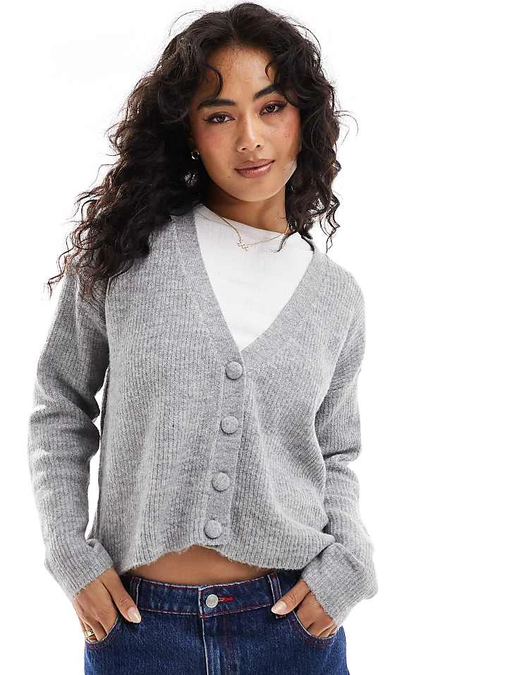 Brave Soul Cardigan With Bow Front Ties In Cream And Black For Women
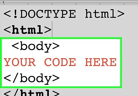 Create a body for your HTML page. The body is where all the displayable contents for your webpage are written. On a new line, type
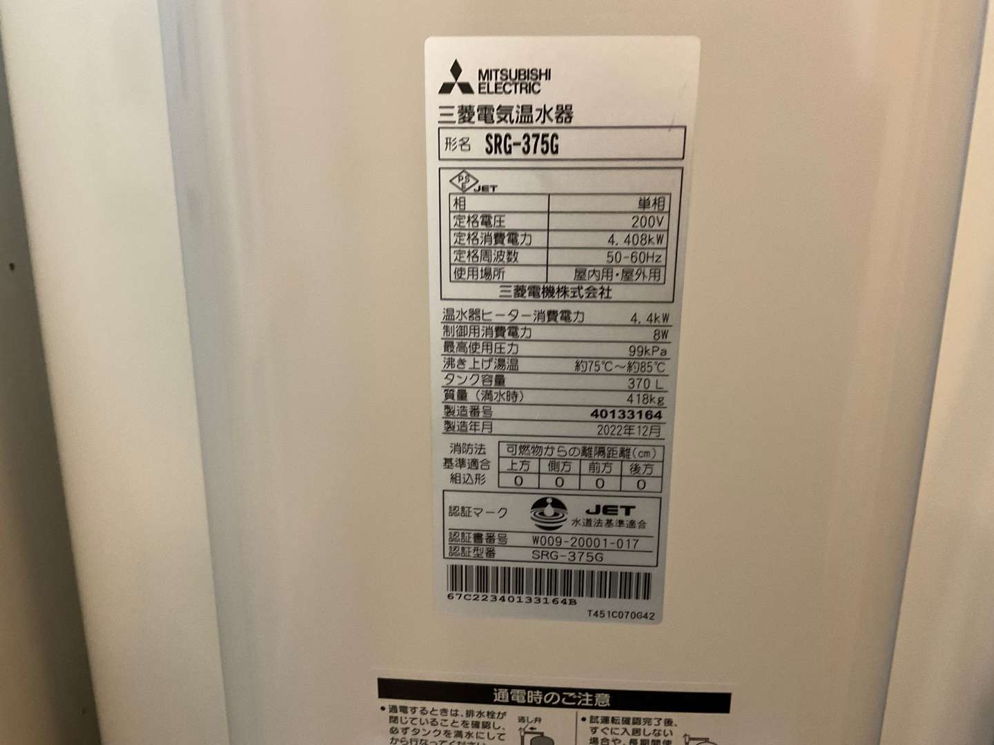 交換前の温水器
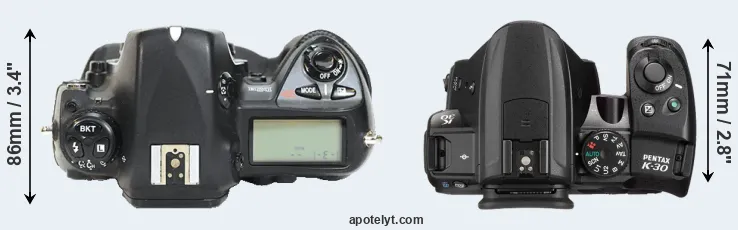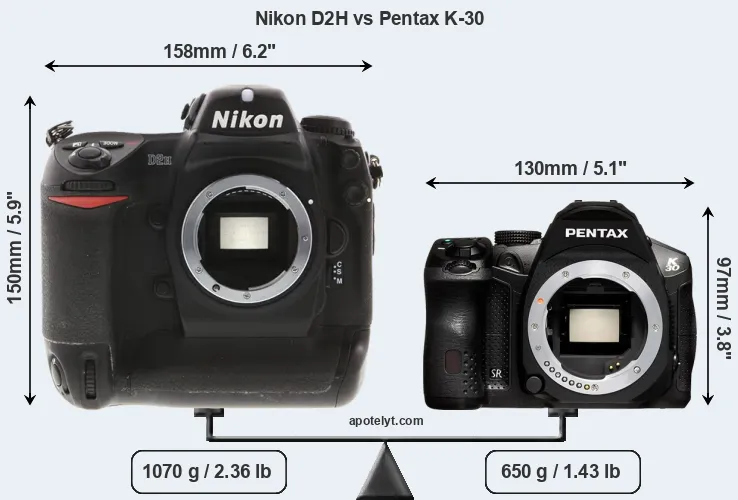 The side-by-side display below illustrates the physical size and weight of the Nikon D2H and the Pentax K-30. The two cameras are presented according to their relative size. Three consecutive perspectives from the front, the top, and the back are available. All size dimensions are rounded to the nearest millimeter.
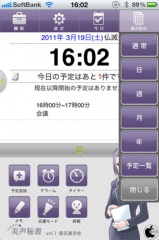Zero One Entertainment LLCが、iPhone/iPod touch用スケジュール管理アプリ「美声秘書 Vol.1 真田真安佐」を、App Storeにて販売を開始していたので試してみました。
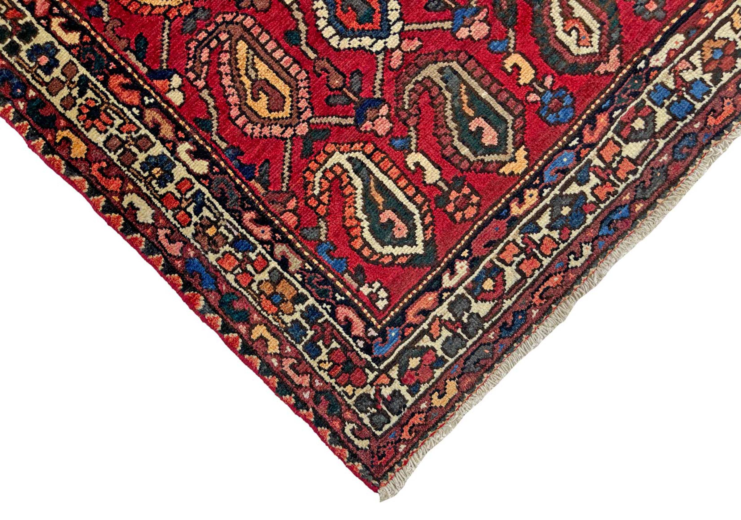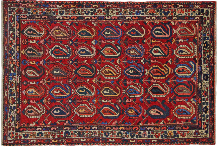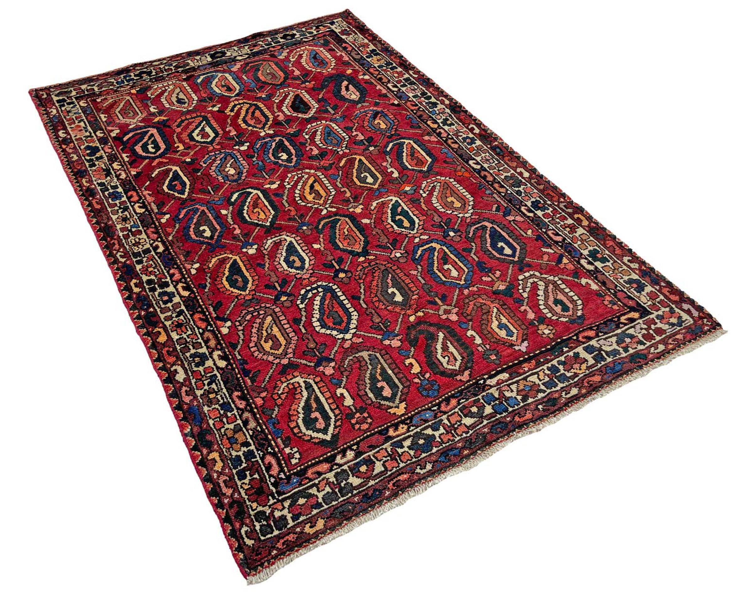 Ce tapis appartient aux tapis de village et de nomade d'Iran, anciennement la Perse. Ce type de tapis est noué à la main dans les petites villes et les villages selon l'ancienne tradition. Même les nomades nouent encore des tapis persans en plein air. Les tapis sont noués sans schéma et entièrement à partir de la tête. Ils se caractérisent par des ornements classiques, qui sont disposés en motifs droits et géométriques. Grâce à leur origine culturelle et traditionnelle, ces tapis ont un caractère unique qui incarne la Perse ancienne.
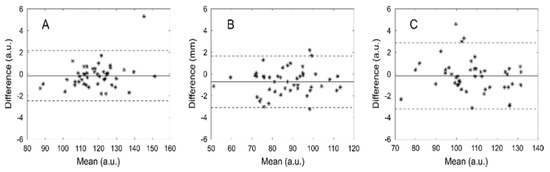 Bland-Altman plots that show the differences between users’ measured amplitudes against their mean for muscularis externa (A), muscularis interna (B) and submucosa (C) a.u.—albitrary units.
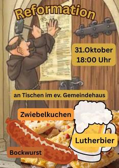| 18:00 Uhr | Gottesdienst mit Abendmahl im Gemeindehaus. Anschließend wird die Gemeinde eingeladen, wie Martin Luther es pflegte, bei Speise und Trank zu verweilen. |
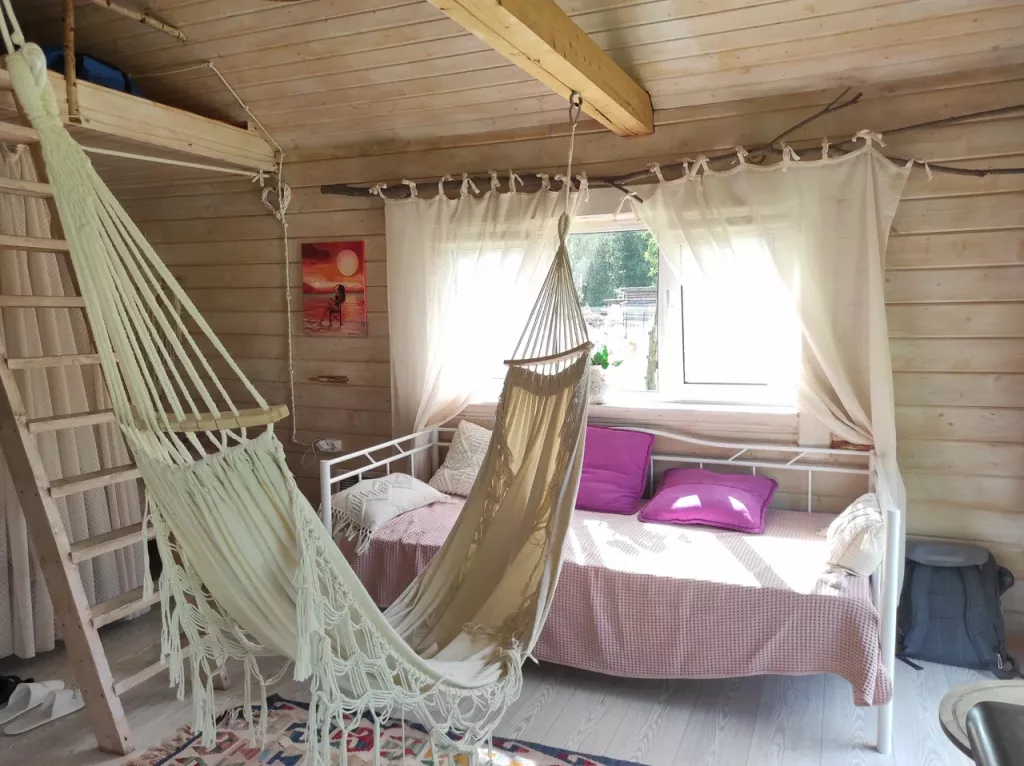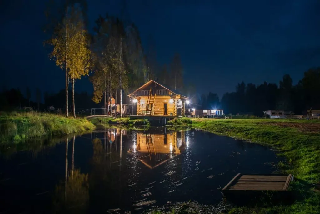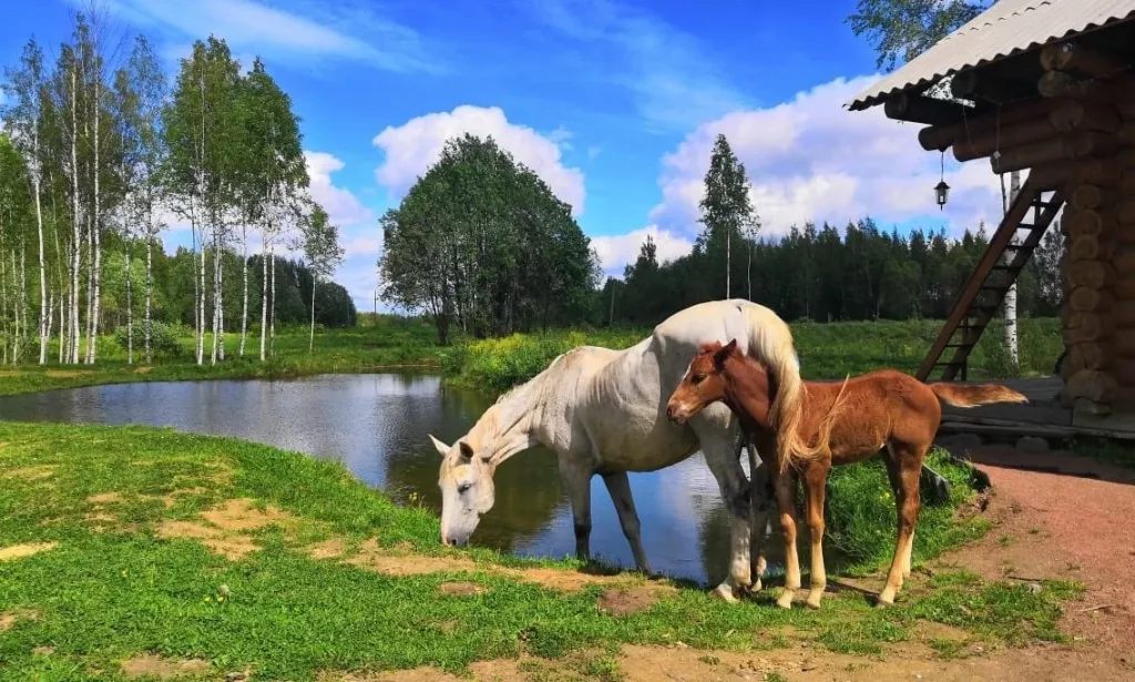 Уникальные домики, в каждом свой тематический интерьер. Гостей здесь кормят фермерскими продуктами собственного производства (питание необходимо заказывать за день до заезда). Русская баня на дровах у лесного пруда. По территории гуляют в свободном доступе: козочки, лошади, пони, птицы, утки, кошечки, коровы. Верховая езда. Мастер-классы по гончарному мастерству, живописи на спилах и вязанию из жгута (по предварительной записи).
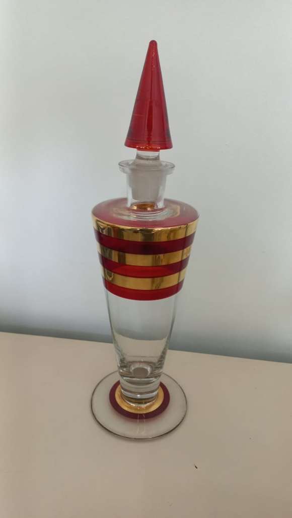 Licoreira em Cristal Europeu, anos 50, com rica decoração em dourado e vermelho e tampa. Em perfeito estado. 37 cm al...
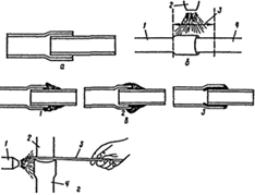 при изготовлении изгибом труб, б - при уменьшении диаметра восходящего
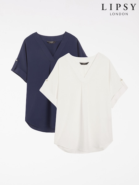 Lipsy White/Blue Utility V-Neck Short Roll Sleeve Tops 2 Pack
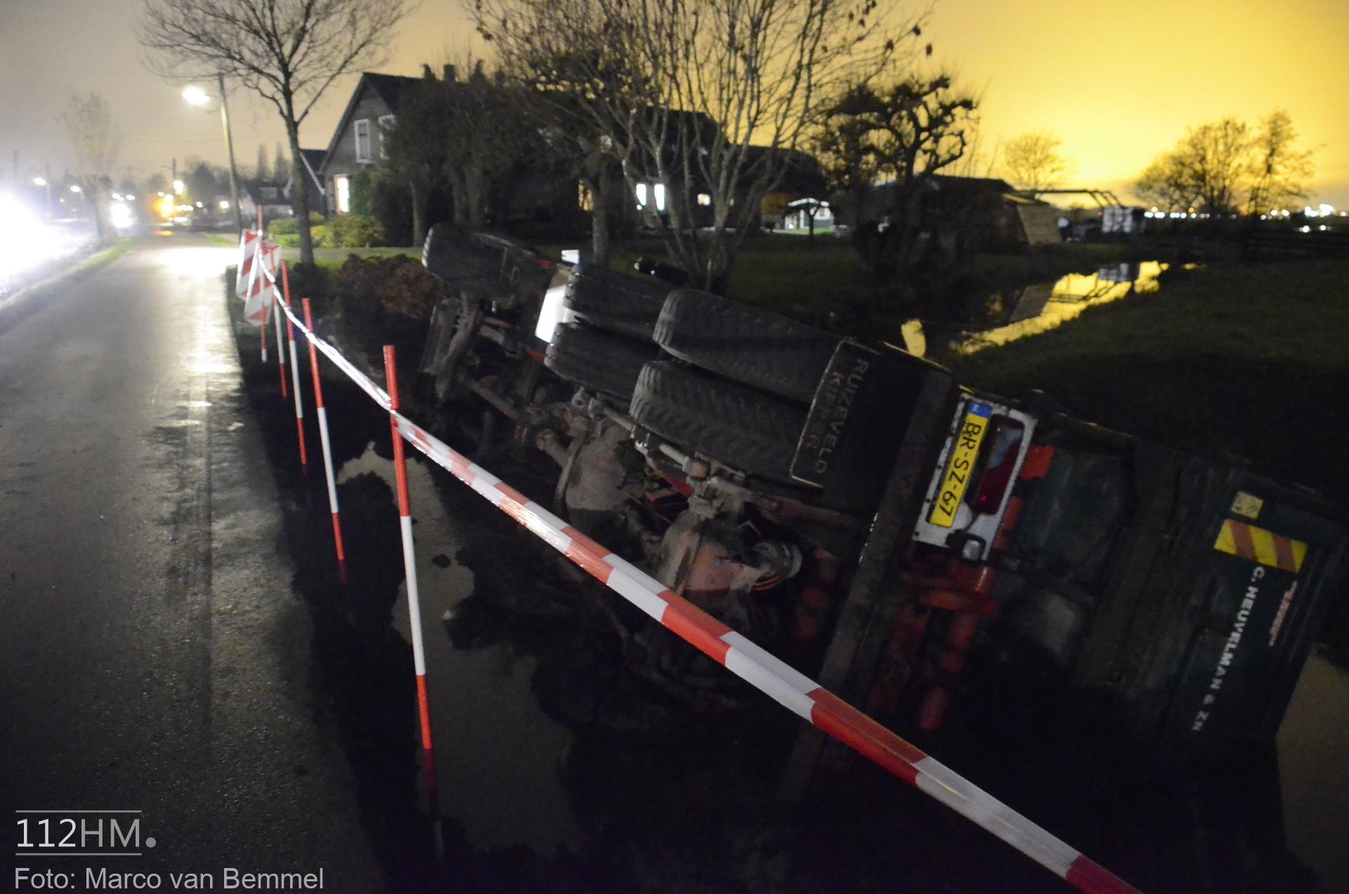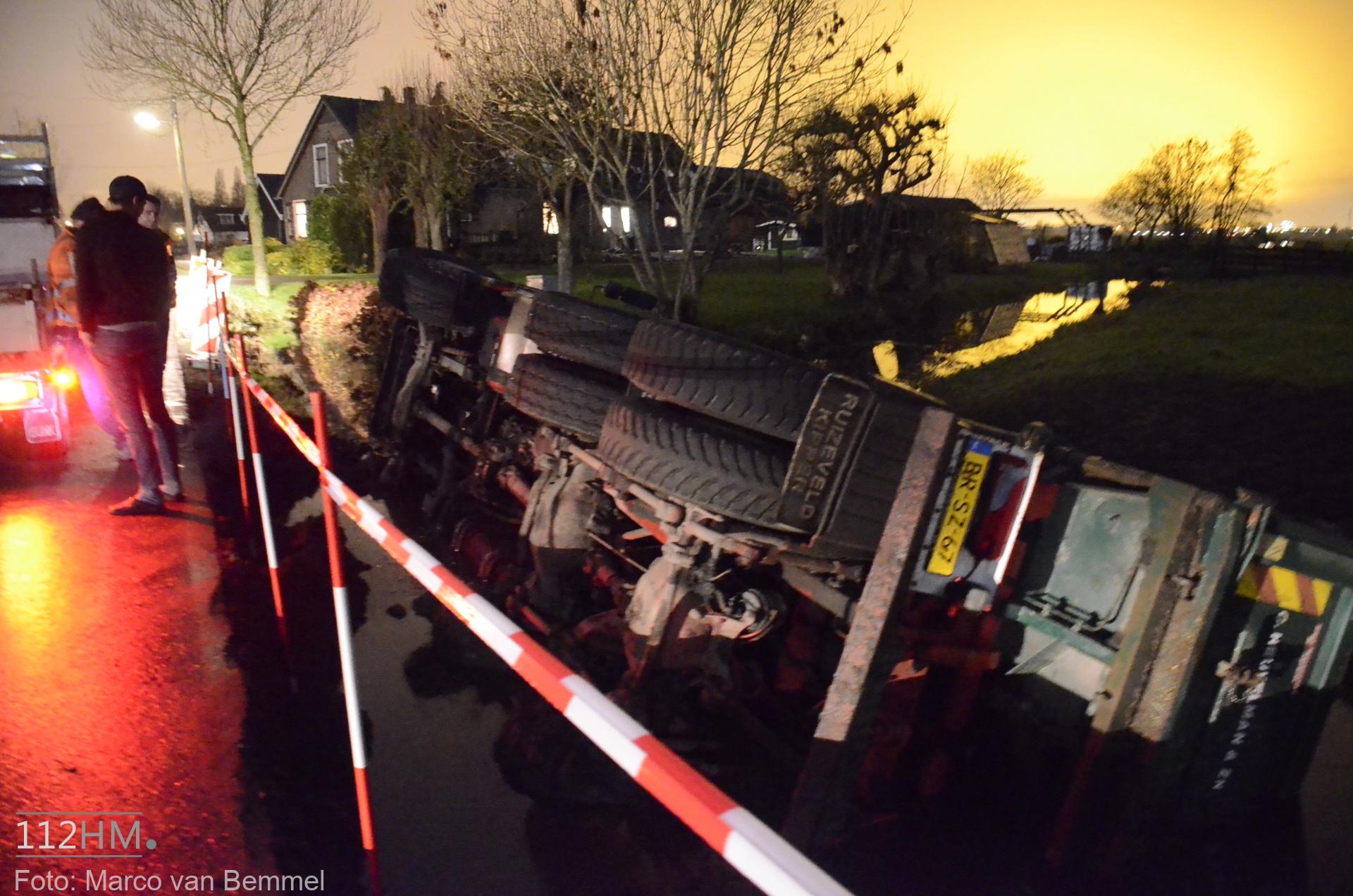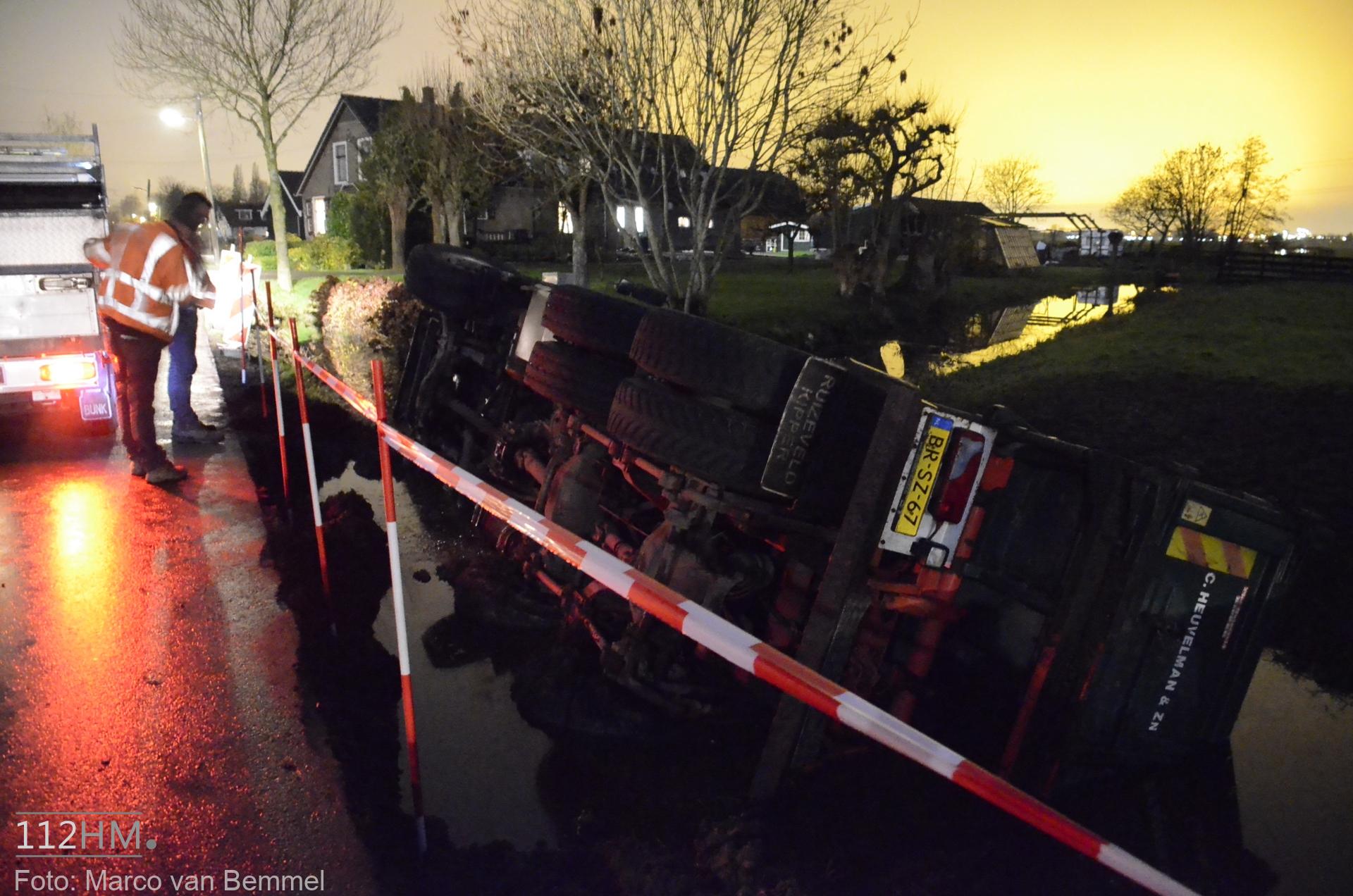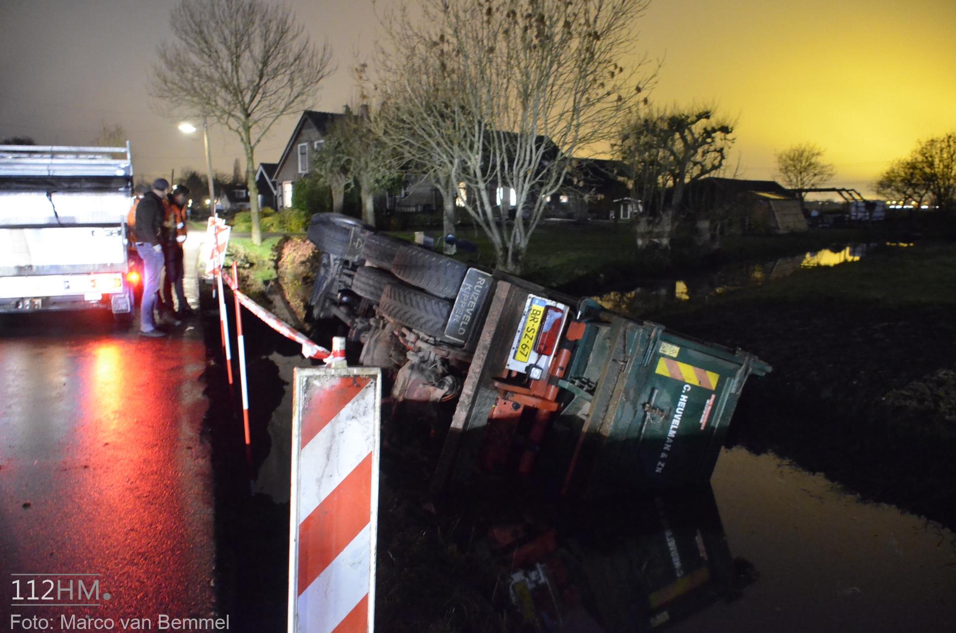 Een vrachtwagen bleek van de weg te zijn gekanteld waarna deze in de sloot terechtkwam. De chauffeur probeerde uit zijn cabine te klimmen maar het lukte niet. Omwonenden die het ongeval zagen gebeuren wisten met een ladder de cabine te bereiken en hielpen de chauffeur uit zijn benarde positie.

========================================

What you are asked to do:
In the data above, the stretch from the line with "Create a body" through the line with "Уникальные домики, в" is to be returned exactly, minus any pictures.

Result:
 Create a body for your HTML page. The body is where all the displayable contents for your webpage are written. On a new line, type
 交換前の温水器
 The side-by-side display below illustrates the physical size and weight of the Nikon D2H and the Pentax K-30. The two cameras are presented according to their relative size. Three consecutive perspectives from the front, the top, and the back are available. All size dimensions are rounded to the nearest millimeter.
Zero One Entertainment LLCが、iPhone/iPod touch用スケジュール管理アプリ「美声秘書 Vol.1 真田真安佐」を、App Storeにて販売を開始していたので試してみました。
 Ce tapis appartient aux tapis de village et de nomade d'Iran, anciennement la Perse. Ce type de tapis est noué à la main dans les petites villes et les villages selon l'ancienne tradition. Même les nomades nouent encore des tapis persans en plein air. Les tapis sont noués sans schéma et entièrement à partir de la tête. Ils se caractérisent par des ornements classiques, qui sont disposés en motifs droits et géométriques. Grâce à leur origine culturelle et traditionnelle, ces tapis ont un caractère unique qui incarne la Perse ancienne.
 Bland-Altman plots that show the differences between users’ measured amplitudes against their mean for muscularis externa (A), muscularis interna (B) and submucosa (C) a.u.—albitrary units.
| 18:00 Uhr | Gottesdienst mit Abendmahl im Gemeindehaus. Anschließend wird die Gemeinde eingeladen, wie Martin Luther es pflegte, bei Speise und Trank zu verweilen. |
 Уникальные домики, в каждом свой тематический интерьер. Гостей здесь кормят фермерскими продуктами собственного производства (питание необходимо заказывать за день до заезда). Русская баня на дровах у лесного пруда. По территории гуляют в свободном доступе: козочки, лошади, пони, птицы, утки, кошечки, коровы. Верховая езда. Мастер-классы по гончарному мастерству, живописи на спилах и вязанию из жгута (по предварительной записи).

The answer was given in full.